If your machine takes a long time to perform this computation, you may save these counts to files in your github repository and load them on request. This is not necessary, however.

In [None]:
#@title Default title text
# Your code here
train_set = []
for book in train_list:
  train_set.append(" ".join(book))

test_set = []
for book in test_list:
  test_set.append(" ".join(book))

train_total = [["<s>", "<s>"] + list(sent) + ["</s>", "</s>"] for sent in train_set]

unigram_dict = {}
bigram_dict = {}
trigram_dict = {}

for document in train_total:
  for ch in document:
    if ch in unigram_dict:
      unigram_dict[ch] += 1
    else:
      unigram_dict[ch] = 1
  for i in range(1, len(document)):
    if tuple(document[i-1:i+1]) in bigram_dict:
      bigram_dict[tuple(document[i-1:i+1])] += 1
    else:
      bigram_dict[tuple(document[i-1:i+1])] = 1
  for i in range(2, len(document)):
    if tuple(document[i-2:i+1]) in trigram_dict:
      trigram_dict[tuple(document[i-2:i+1])] += 1
    else:
      trigram_dict[tuple(document[i-2:i+1])] = 1

dict = unigram_dict
for k,v in bigram_dict.items():
  dict[k] = v
for k,v in trigram_dict.items():
  dict[k] = v

## 1.2
Calculate the perplexity for each document in the test set using the linear interpolation smoothing method.

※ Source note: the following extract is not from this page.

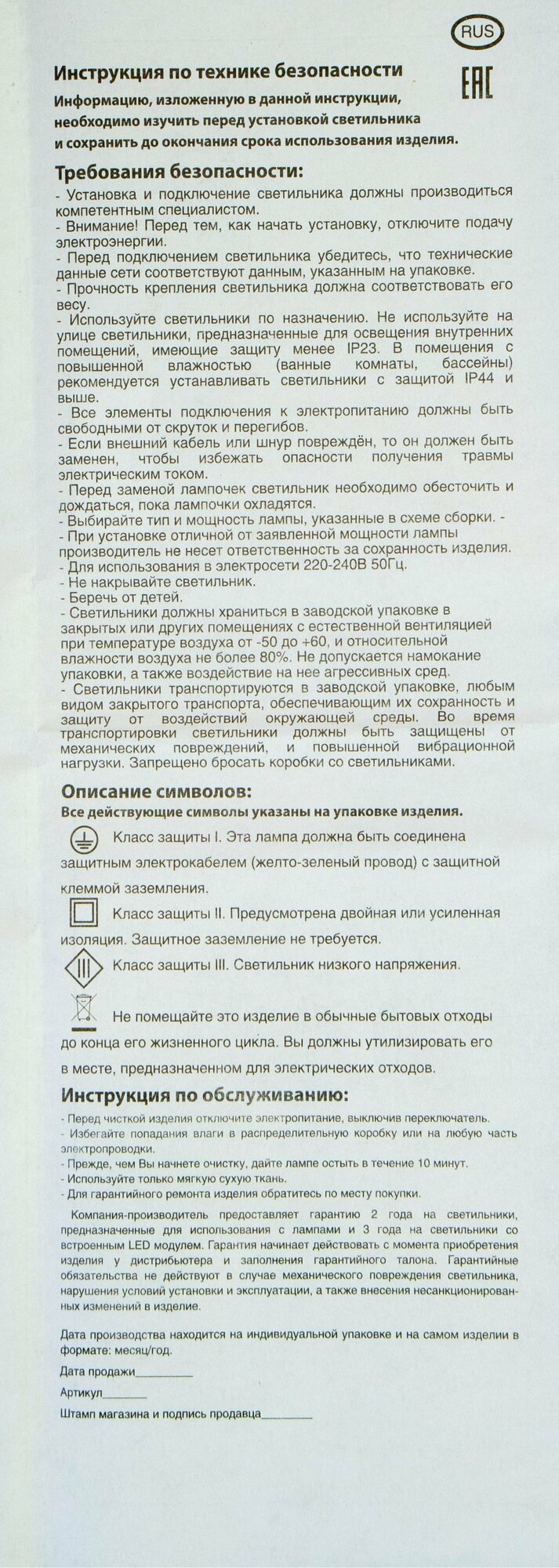| Максимальная допустимая мощность лампы (Вт) | 50 |
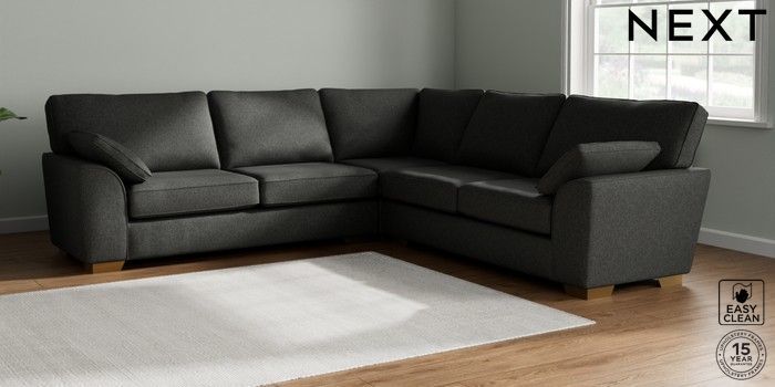 7.2.10 Stamford Large Corner Sofa - Universal Tweedy Blend Easy Clean Charcoal Grey Large Square Angle - Brushed Brass | Made Click here to use our website with more accessibility support, for example screen readers

For determining λs for linear interpolation of the trigram, bigram, and unigram models, you can divide the training data into a new training set (80%) and a held-out set (20%).
Then choose ~10 random pairs of $(\lambda_3, \lambda_2)$ such that $1 > \lambda_3 > \lambda_2 > 0$ and $\sum_{i=1}^3 \lambda_i = 1$ to test on held-out data.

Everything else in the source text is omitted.